- TASK REQUIREMENTS
Setting pictures aside, output exactly the lines from the start of the records to the line with "I assumed all", that line included.

- INPUT
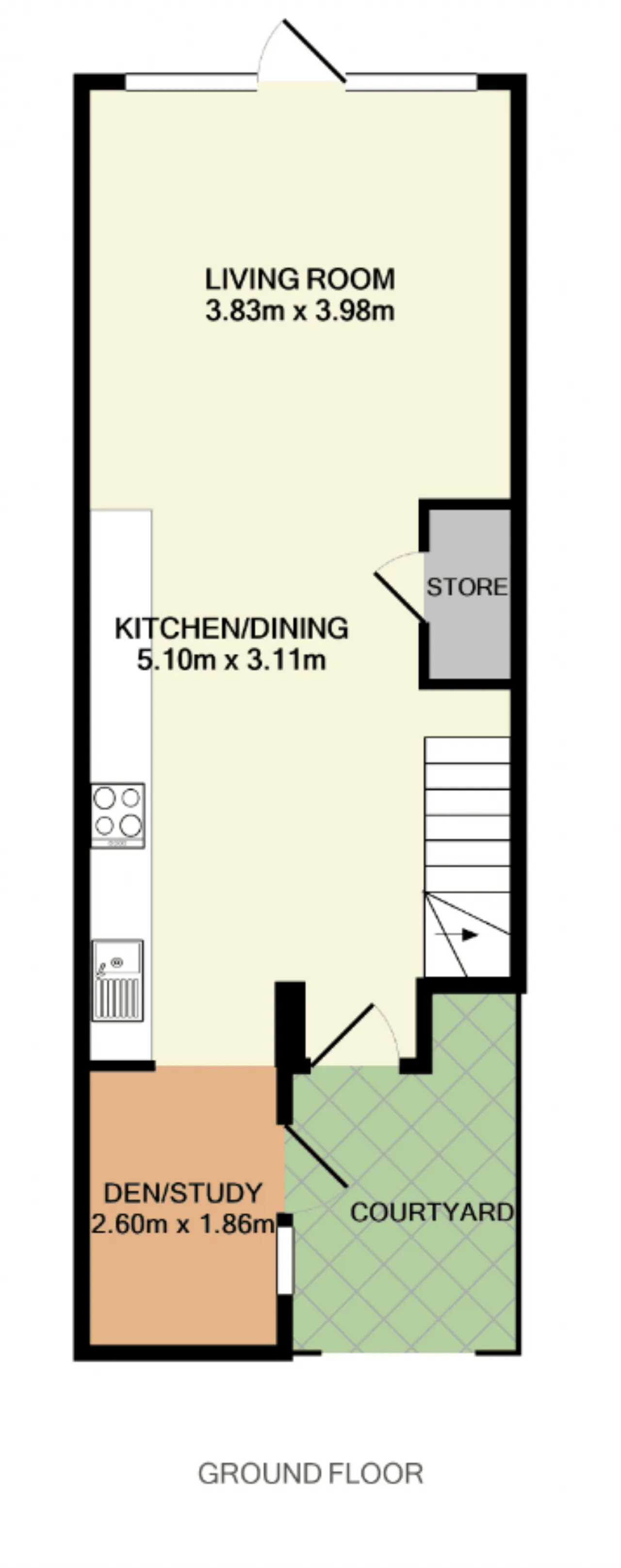 Study/Den 2.6m x 1.86m Located off the kitchen, could be used for a variety of uses. Laminate timber flooring. Door to front courtyard
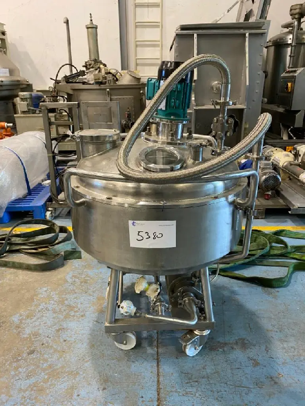 Cuve verticale en acier inoxydable d'une capacité de 100 litres. Fond supérieur bombé vissé au corps avec 2 voyants, 3 raccords type pince et moteur d'agitation.
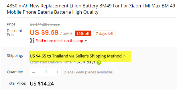 I assumed all the Chinese vendors had stopped shipping batteries to Thailand.
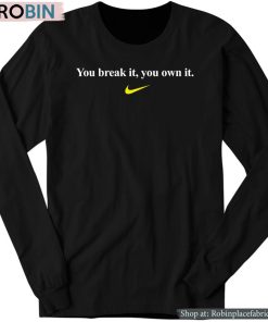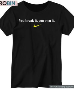The You Break It You Own It shirt is a bold and eye-catching design that features a powerful message about taking responsibility for your actions. The shirt is made of high-quality material and is available in a range of sizes to ensure a comfortable and flattering fit. It is perfect for making a statement and sparking conversations about accountability and ownership. The design is simple yet impactful, making it a versatile addition to any wardrobe. Wear it with pride and show the world that you are not afraid to own up to your mistakes.
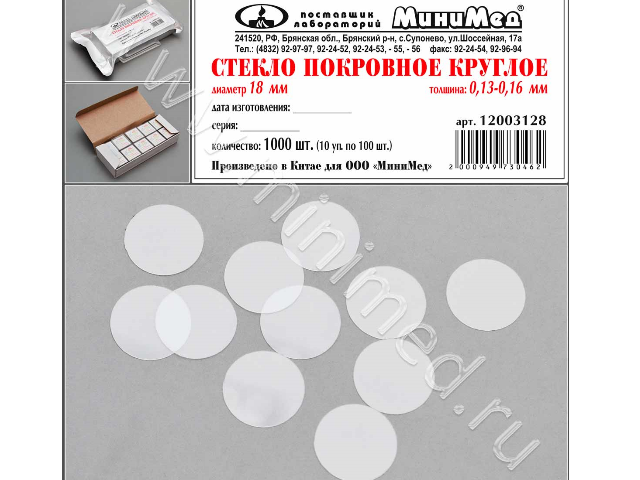 Стекло покровное круглое диам.18 мм,толщ.0,13-0,16 мм, уп.1000 шт.
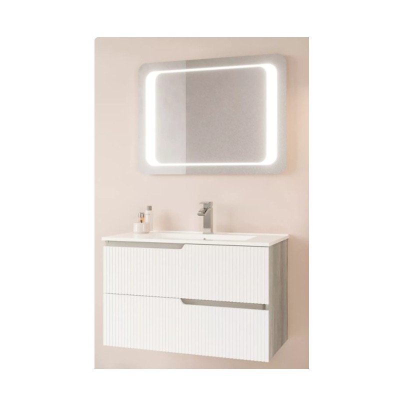 Il set è composto da base sospesa con 2 cassetti capienti, lavabo integrato e specchio con illuminazione LED, per un perfetto equilibrio tra design e praticità.

- EXPECTED ANSWER
 Study/Den 2.6m x 1.86m Located off the kitchen, could be used for a variety of uses. Laminate timber flooring. Door to front courtyard
 Cuve verticale en acier inoxydable d'une capacité de 100 litres. Fond supérieur bombé vissé au corps avec 2 voyants, 3 raccords type pince et moteur d'agitation.
 I assumed all the Chinese vendors had stopped shipping batteries to Thailand.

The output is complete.